There is one fundamental difference between Samsung's V-NAND. With 2D NAND, the charge was stored in a conductive floating gate but as you can see in the graph above, there is not one in Samsung's V-NAND. Instead Samsung uses a design called Charge Trap Flash (CTF), which means that the charge is stored in an insulator, which is silicon nitride in this case.

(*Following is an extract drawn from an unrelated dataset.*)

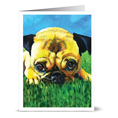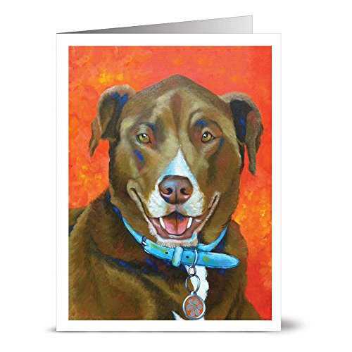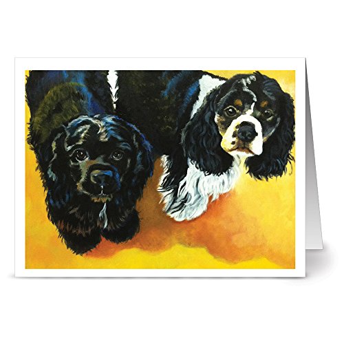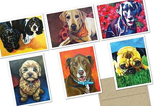 -. Feature : Celebrating man and woman's best friend with this whimsical set of notecards / Set features six breeds: Cocker Spaniel, Black Lab, Pug, Golden Retriever, Pit Bull, and Cockapoo / Beautifully rendered from original oil paintings, the set includes ivory envelopes / Notecard size: 6.125" x 4.625" - Heavy 15 pt. card stock. Made in the USA. / Notecards are blank inside. High quality gloss finish on card exterior.
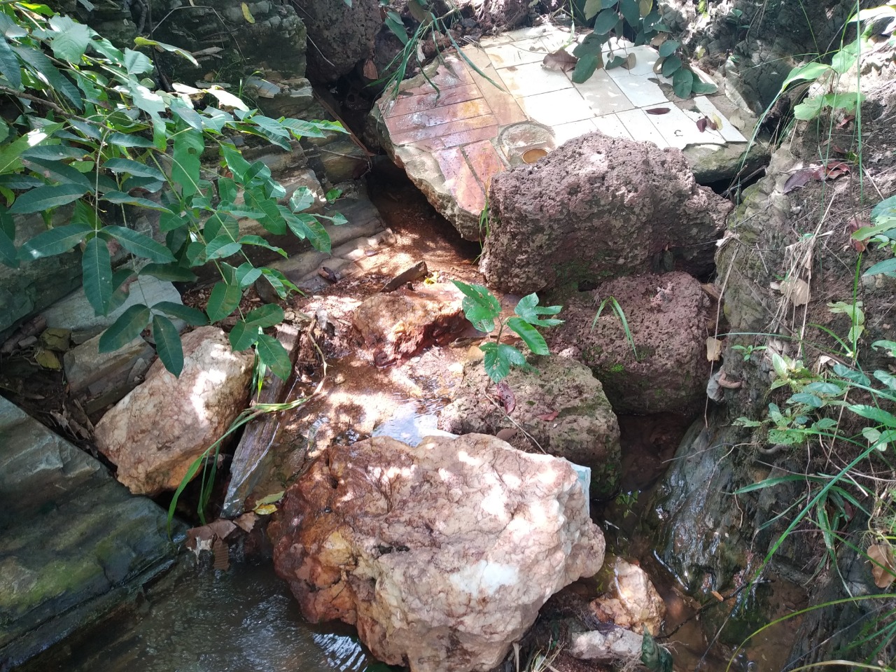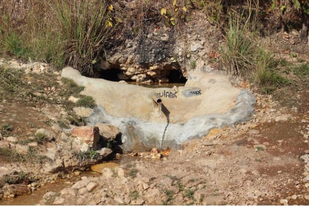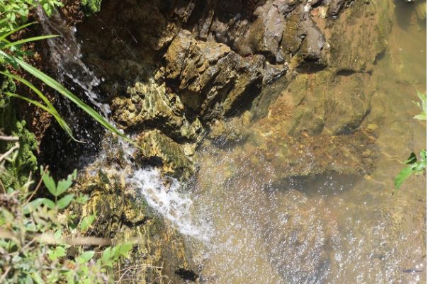 Descrição Imagem #PráCegoVer: Foto de uma nascente com água límpida tendo ao lado direito algumas pedras e do lado esquerdo vegetação.

Some of you might remember this rather hilarious slide we used in our V-NAND announcement article and I now have an explanation as to why Samsung used cheese in in (yes, it indeed is cheese). A traditional floating gate works pretty much like a bucket of water. As long as there is not a hole in the bucket, the water stays there without an issue. However, if you get even a tiny hole in the bucket, all the water will sooner than later escape through that hole. It is the same with a floating gate because if there is a hole in the insulating material around it (Inter Poly Dielectric and tunnel oxide), all the electrons in the floating gate will escape through that as the floating gate is conductive and the electrons can move freely. As I mentioned on the previous page, this is exactly what happens when NAND is cycled and wears out because the stress caused by the programming operation causes the insulators to lose their insulating characteristics.
With Charge Trap Flash that does not happen because the electrons reside in an insulator. Samsung compared the bucket of water idea to cheese, meaning that if there is a hole the cheese will not just pour out from it like water would.

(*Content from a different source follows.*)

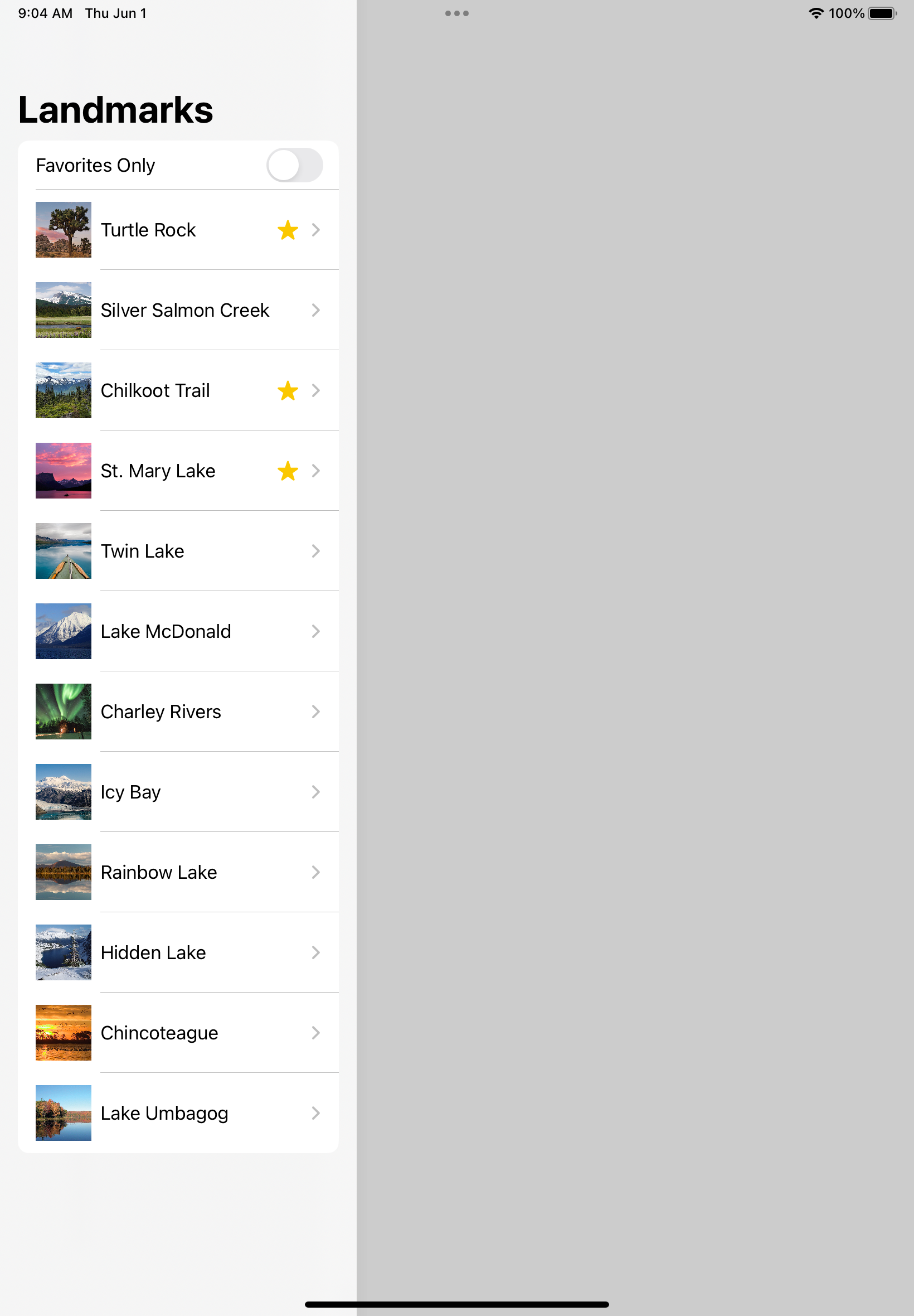 I’m new to swiftUI. I’ve been following this tutorial (https://developer.apple.com/tutorials/swiftui/building-lists-and-navigation) and everything was OK until I ran it into iPad (10th Generation).

As a result, Charge Trap Flash increases endurance as it is not as vulnerable to wear out. I am also told that CTF does not require as high programming voltages as floating gates do (up to 20V), which reduces the stess on the insulators. I wonder if this is simply because the insulators do not have to be that thick anymore (a miminum of 7nm for tunnel oxide and 12nm for ONO) because the charge trap is not as dependent on the surrounding insulators as floating gate is. The reason why such a high voltage is needed for 2D NAND programming is the thickness of the tunnel oxide because otherwise the electrons cannot tunnel through (remember, the electrons are shot through an insulator). On the other hand, the tunnel oxide cannot be made any thinner than 7nm or otherwise data retention takes a massive hit (NAND is really an engineers dream, isn't it? Touch one thing and you break another).

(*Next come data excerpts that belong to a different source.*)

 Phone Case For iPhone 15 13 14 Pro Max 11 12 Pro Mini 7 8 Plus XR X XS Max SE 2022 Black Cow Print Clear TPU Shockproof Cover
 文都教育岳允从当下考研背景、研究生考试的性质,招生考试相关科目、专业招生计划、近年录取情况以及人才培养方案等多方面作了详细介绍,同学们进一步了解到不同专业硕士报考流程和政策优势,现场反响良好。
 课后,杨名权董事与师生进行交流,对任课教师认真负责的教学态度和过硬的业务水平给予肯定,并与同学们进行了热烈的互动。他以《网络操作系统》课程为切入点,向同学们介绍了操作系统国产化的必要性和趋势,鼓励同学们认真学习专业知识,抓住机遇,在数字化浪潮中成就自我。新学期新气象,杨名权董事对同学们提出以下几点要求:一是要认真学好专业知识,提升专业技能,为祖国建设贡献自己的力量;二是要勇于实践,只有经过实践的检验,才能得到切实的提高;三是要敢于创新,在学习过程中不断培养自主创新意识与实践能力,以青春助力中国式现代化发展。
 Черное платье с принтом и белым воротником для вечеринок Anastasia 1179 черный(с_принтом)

Another interesting tidbit regarding Samsung’s V-NAND is the usage of a high-K dielectrics. IMFT did a similar switch when they moved to 20nm node but all the other manufacturers, as far as I know, have stayed with an inter poly dielectric (IPD) design. I went into detail about high-K dielectrics in our Crucial MX100 review but I will provide a quick summary here. Basically, a high-K dielectric is a material with a high dielectric constant, which is quite surprisingly known as K. The benefit of a high-K dielectric over a normal dielectric (like oxide-nitride-oxide i.e. ONO in NAND) is that it provides a higher capacitance between the word and bitlines. Similar to 2D NAND, the capacitance between the control gate and the floating gate, or charge trap in the case of V-NAND, is still the key factor for operation. The usage of high-K dielectrics gives Samsung a bit more headroom in terms of vertical scaling as layers can be stacked closer to each other and it also improves endurance as high-K dielectrics have less leakage compared to normal dielectrics.
Otherwise the basics of V-NAND are very similar to 2D NAND. To program a cell, the bitline is grounded (i.e. held at 0V) while a high voltage is placed on the wordline. That makes the electrons that are floating in the bitline to tunnel through the silicon dioxide to the charge trap a.k.a. silicon nitride.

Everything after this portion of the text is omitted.